Start of Records for this task

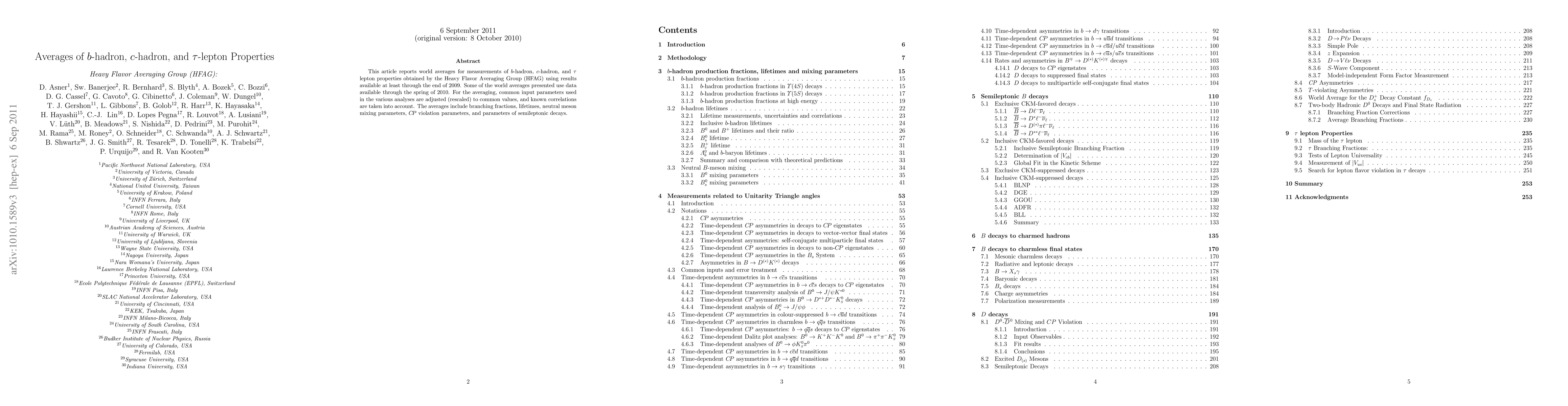 This paper presents world averages for b-hadron, c-hadron, and tau-lepton properties, compiled by the Heavy Flavor Averaging Group, using data up to 2010, including branching fractions, lifetimes, and CP violation parameters. Known correlations and common input parameters were rescaled for accurate averaging.
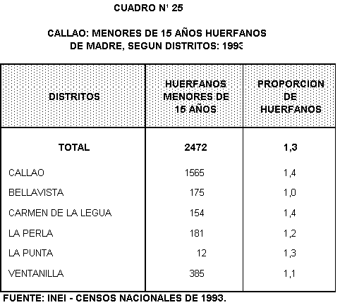 Considerando sólo la población menor de 15 años de edad, se encuentra que la proporción de huérfanos de madre es de 1,3% para la provincia. Algunos distritos tienen una proporción ligeramente mayor como es el caso de los distritos del Callao y Carmen de la Legua (1,4%) y Bellavista es el distrito con menor proporción de huérfanos (1,0%) menores de 15 años.
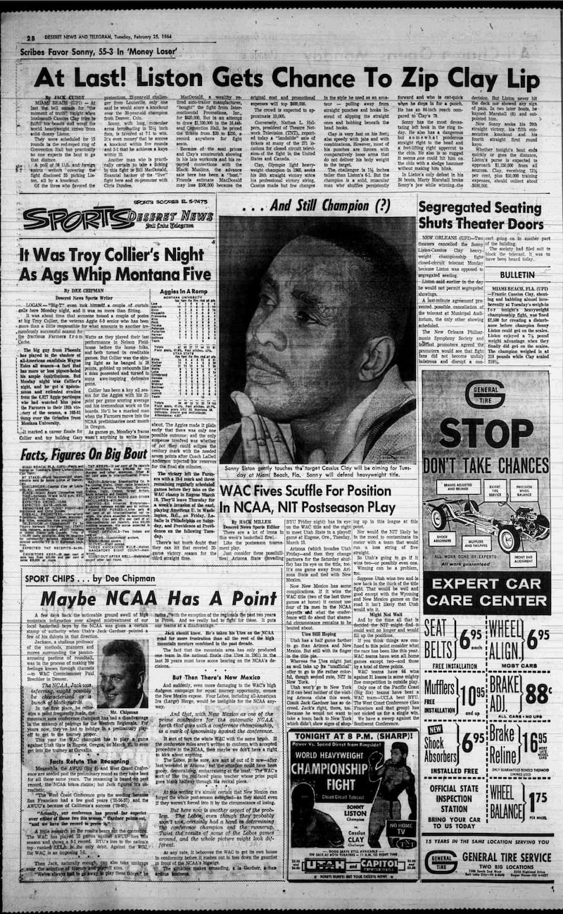 On the day of the fight, front page headlines were somber and typical in the Deseret News. A jet liner had crashed near New Orleans with all onboard feared dead. The U.S. House of Representatives had passed a big tax cut, the U.S. was dealing with problems in Russia and Cuba, and Jimmy Hoffa — yes, that Jimmy Hoffa — testified about price fixing in a Tennessee courtroom.
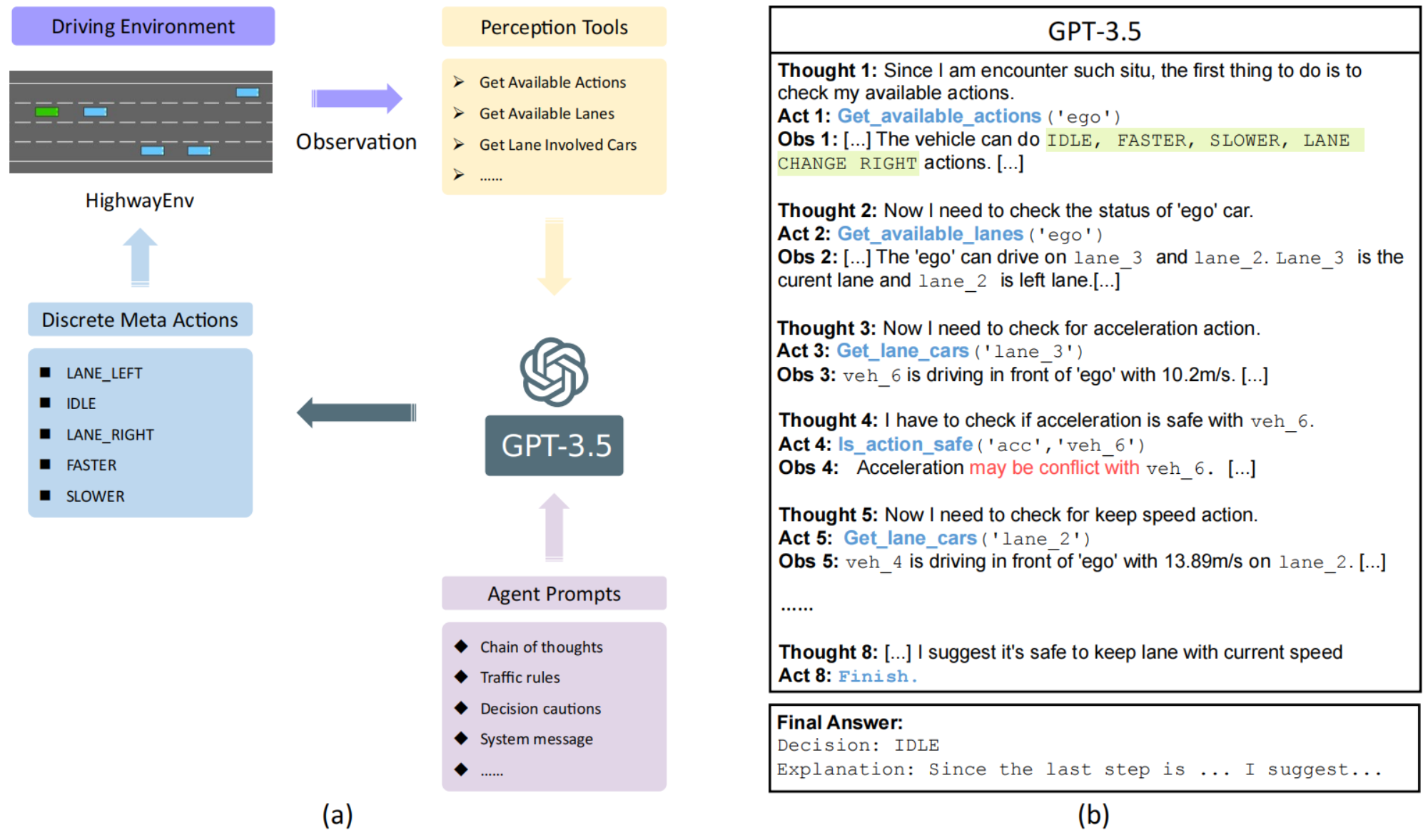 GPT-3.5是文本模型,无法直接操作仿真环境,因此使用LangChain(大语言模型应用开发框架),调用Percaption Tools,根据Agent Prompts使用ReAct(Reasoning+Acting)策略,在”思考(Thouhgt) →行动(Action)→观察(Observation)“循环中分析周围环境,进行决策,生成预定义的决策(Discrete Meta Actions)。
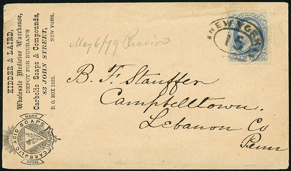 An 1879 cover from Kidder & Laird. At the time, they served as a wholesale medicine warehouse.
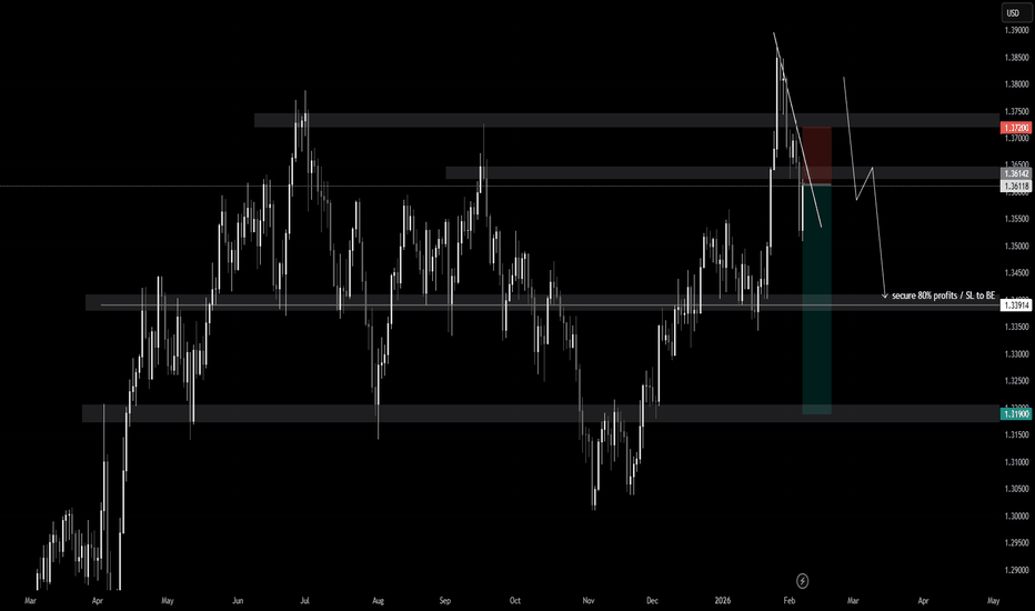 EURUSD previously traded inside a descending channel, forming lower highs and confirming sustained bearish pressure. After a breakout from this structure, price made a strong upward move but quickly lost momentum and entered a range. Following the range, price resumed its decline, forming a broader bearish structure under a descending trend line.
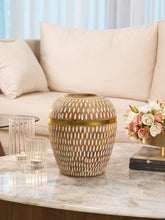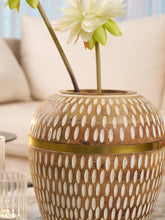 Handcrafted from mango wood in a refined whitewash finish and adorned with a lustrous gold band, this compact vase radiates charm. Perfect for small floral arrangements or as a luxe accent piece.
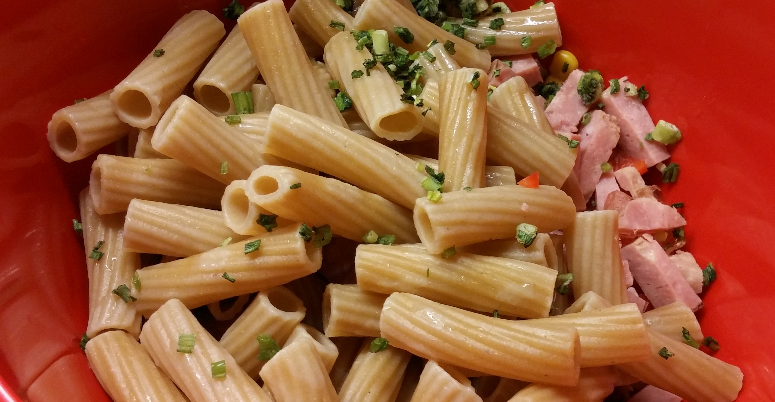 Deretter kutter du opp skinken og har oppi den kalde pastaen.
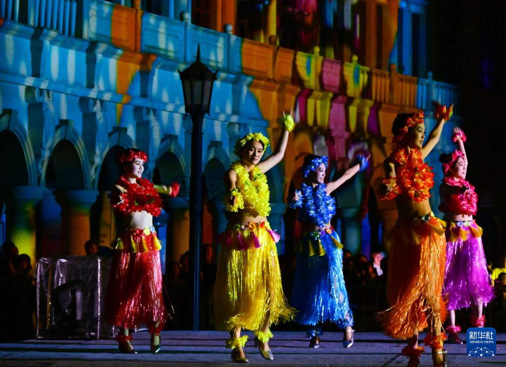 7月12日,演员在海洋光影狂欢节启动仪式上表演。新华社记者 李紫恒 摄
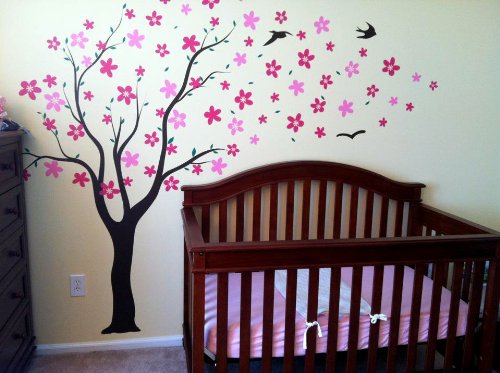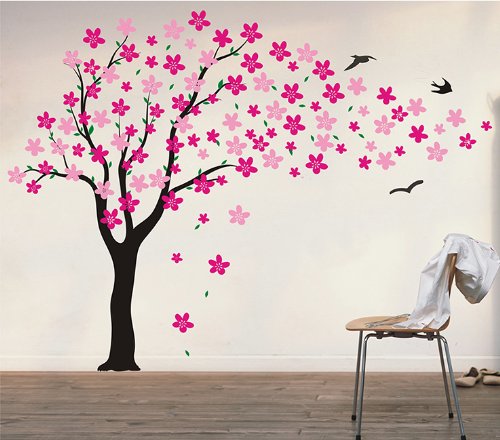 Pop Decors Drifting Flowers and Birds Tree Wall Decals for Nursery Room, 71"
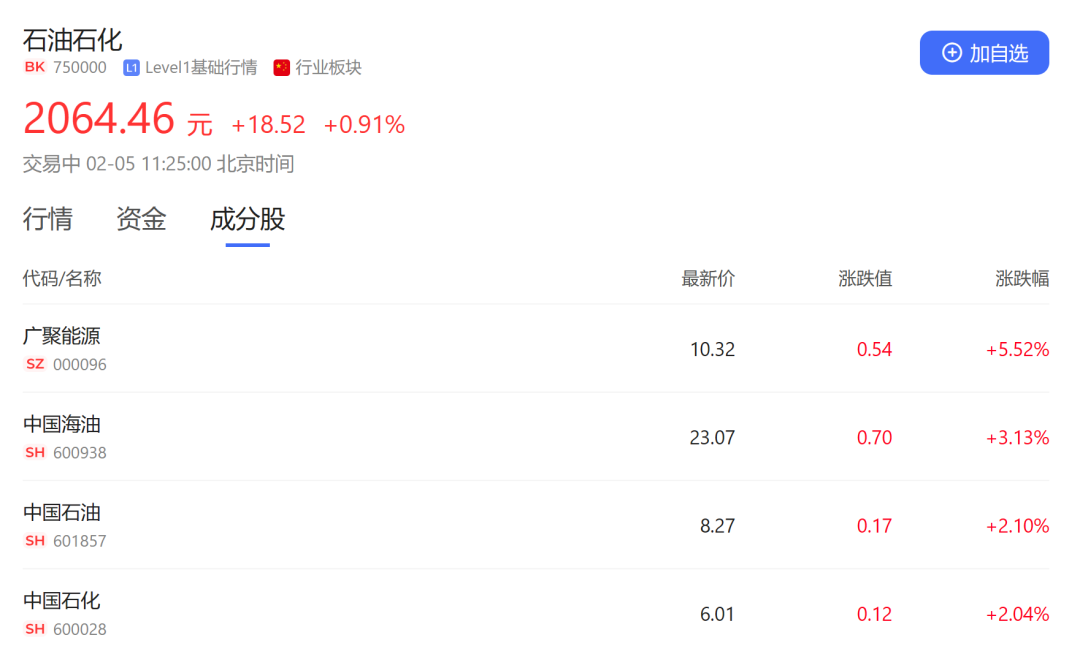今日早间,石油是少有几个抗跌的板块之一,板块指数盘中一度放量涨逾2%。广聚能源盘中一度垂直拉升,最高触及涨停,仅1小时成交就超过前一交易日全天成交;三桶油全线逆势飘红。

End of Records for this task

_Task instructions:_
When you transcribe the lines above, keep every word exact but leave the pictures behind.

_Exercise solution:_
 This paper presents world averages for b-hadron, c-hadron, and tau-lepton properties, compiled by the Heavy Flavor Averaging Group, using data up to 2010, including branching fractions, lifetimes, and CP violation parameters. Known correlations and common input parameters were rescaled for accurate averaging.
 Considerando sólo la población menor de 15 años de edad, se encuentra que la proporción de huérfanos de madre es de 1,3% para la provincia. Algunos distritos tienen una proporción ligeramente mayor como es el caso de los distritos del Callao y Carmen de la Legua (1,4%) y Bellavista es el distrito con menor proporción de huérfanos (1,0%) menores de 15 años.
 On the day of the fight, front page headlines were somber and typical in the Deseret News. A jet liner had crashed near New Orleans with all onboard feared dead. The U.S. House of Representatives had passed a big tax cut, the U.S. was dealing with problems in Russia and Cuba, and Jimmy Hoffa — yes, that Jimmy Hoffa — testified about price fixing in a Tennessee courtroom.
 GPT-3.5是文本模型,无法直接操作仿真环境,因此使用LangChain(大语言模型应用开发框架),调用Percaption Tools,根据Agent Prompts使用ReAct(Reasoning+Acting)策略,在”思考(Thouhgt) →行动(Action)→观察(Observation)“循环中分析周围环境,进行决策,生成预定义的决策(Discrete Meta Actions)。
 An 1879 cover from Kidder & Laird. At the time, they served as a wholesale medicine warehouse.
 EURUSD previously traded inside a descending channel, forming lower highs and confirming sustained bearish pressure. After a breakout from this structure, price made a strong upward move but quickly lost momentum and entered a range. Following the range, price resumed its decline, forming a broader bearish structure under a descending trend line.
 Handcrafted from mango wood in a refined whitewash finish and adorned with a lustrous gold band, this compact vase radiates charm. Perfect for small floral arrangements or as a luxe accent piece.
 Deretter kutter du opp skinken og har oppi den kalde pastaen.
 7月12日,演员在海洋光影狂欢节启动仪式上表演。新华社记者 李紫恒 摄
 Pop Decors Drifting Flowers and Birds Tree Wall Decals for Nursery Room, 71"
今日早间,石油是少有几个抗跌的板块之一,板块指数盘中一度放量涨逾2%。广聚能源盘中一度垂直拉升,最高触及涨停,仅1小时成交就超过前一交易日全天成交;三桶油全线逆势飘红。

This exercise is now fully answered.